Responding to the Bank of England announcement on interest rate rises, Grahame Smith, Scottish Trades Union Congress (STUC) General Secretary said:
“We are disappointed at today’s decision.
“Persistently low productivity, growth and the self-inflicted impact of Brexit and its effect on Sterling are major factors with which our economy must contend. The inescapable conclusion is that today’s interest rate rise, coming at a time when growth is so slow, is a product of failed economic and fiscal policy since 2010. Rock bottom interest rates have failed to properly spark economic growth because the Government did too little to boost demand. The fall in unemployment has been accompanied by low productivity because so many of the new jobs are low skill, low paid and insecure. Quantitative easing benefitted the rich but, for the majority, the effect was rising house prices, sluggish real wages and widening inequality.

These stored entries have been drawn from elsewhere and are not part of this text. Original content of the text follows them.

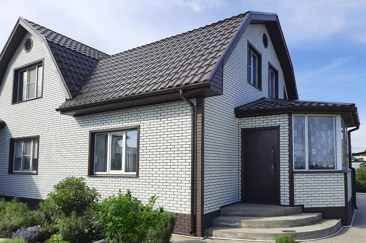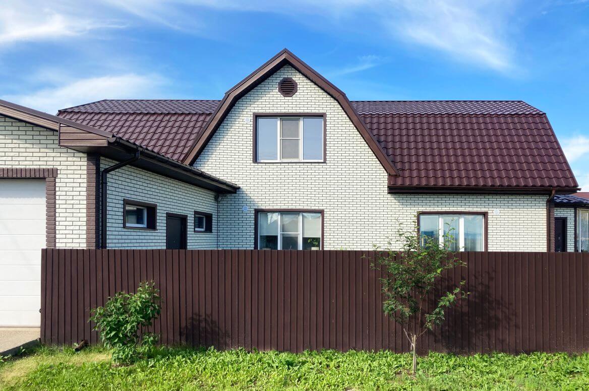 На этом доме как раз «Кирпич Баварский». У панелей особый углубленный прокрашенный шов. С его помощью и достигается эффект объема и реалистичности. А текстура на кирпичиках создает дополнительное впечатление уникальности каждого отдельного элемента. Есть несколько цветовых решений, в тон натуральных кирпичей. С белыми панелями дом очень преобразился — стал светлее, аккуратнее, локаничнее.
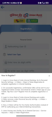 1. Login to Union Bank of India Internet Banking. Go to Personal Security Settings > U-Token > Step1 U-Token Registration & complete registration in Internet banking.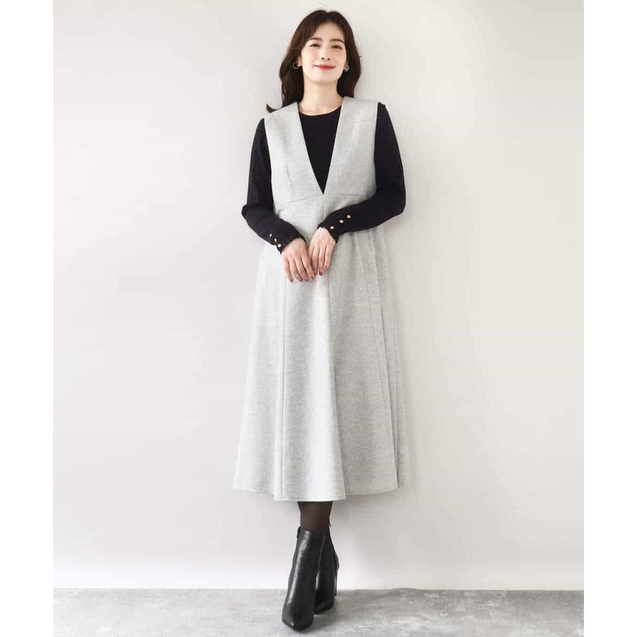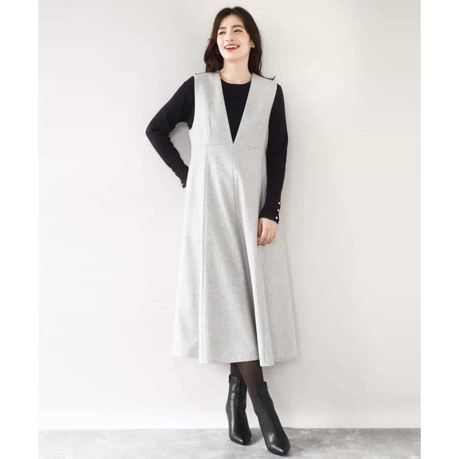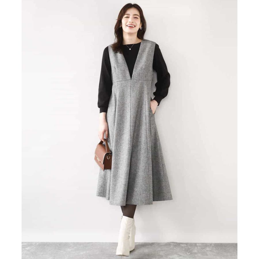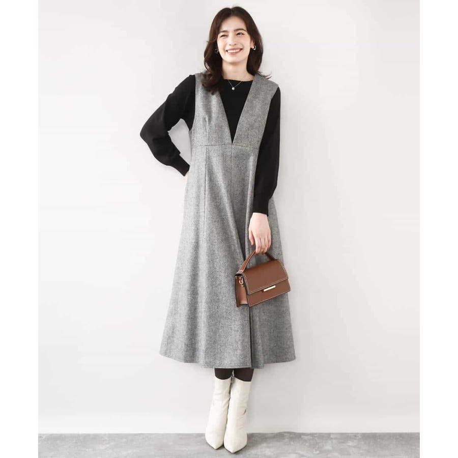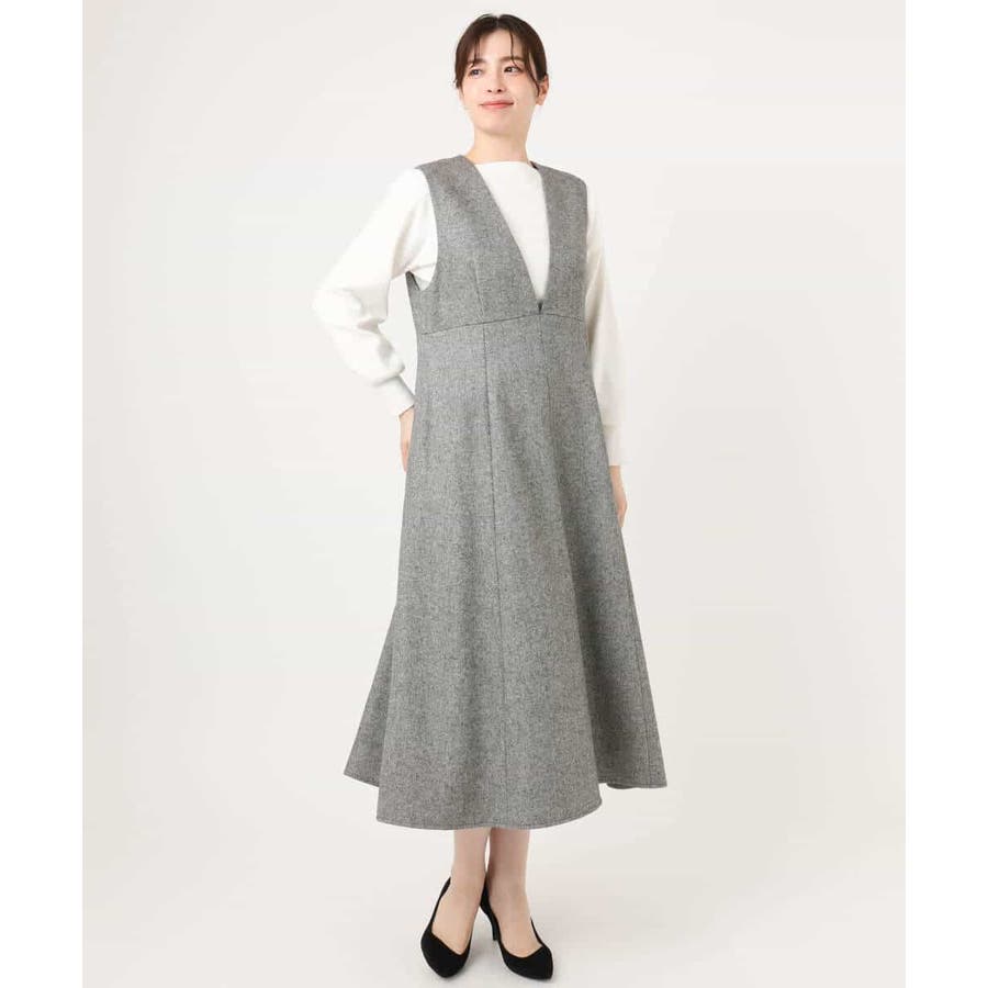 ほんのりラメ入りのツイード素材が上品なジャンパースカート。深めのV開きですっきりと、フレアーシルエットで女性らしく着こなせる一枚です。フィット&フレアーのシルエットは身体のラインを拾いにくいのも嬉しい。バックの開きを控えめにすることで、ショルダーもずり落ちにくくストレスフリーに着用いただけます。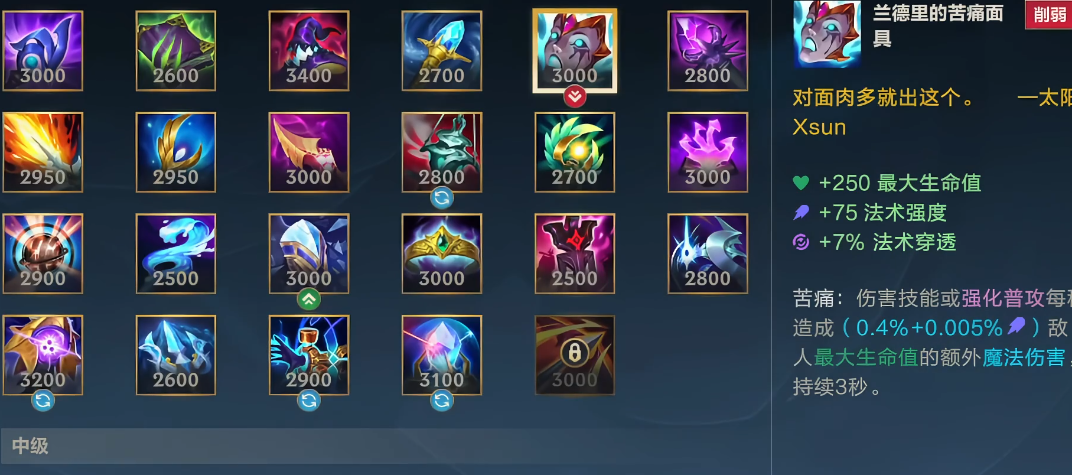 布兰德的核心装备首选兰德里的苦痛面具,它与被动效果完美搭配,能显著提高持续伤害。中期可购买莫雷洛秘典对抗高回复敌人,或选择中娅沙漏提高生存能力。鞋子通常选择法穿鞋或CD鞋,附魔中娅沙漏或火箭腰带以增强机动性。后期装备包括灭世者的死亡之帽和虚空之杖,进一步提高法强和穿透,确保在团战中能造成爆炸伤害。

“Rising inflation is having a major impact on workers, particularly those in public services, who have endured a seven year pay cap. However, dampening the economy will do nothing to encourage investment led growth. We fear that today’s rise will damage an already fragile economy reeling from the failure of UK Government austerity policies, the suppression of living standards, the dangerously high levels of household debt and the lack of a coherent and meaningful industrial strategy focused on improving productivity.
“It is now even more important that in his budget on 22nd November, the Chancellor commits to increasing government revenue and capital investment in wages and infrastructure.”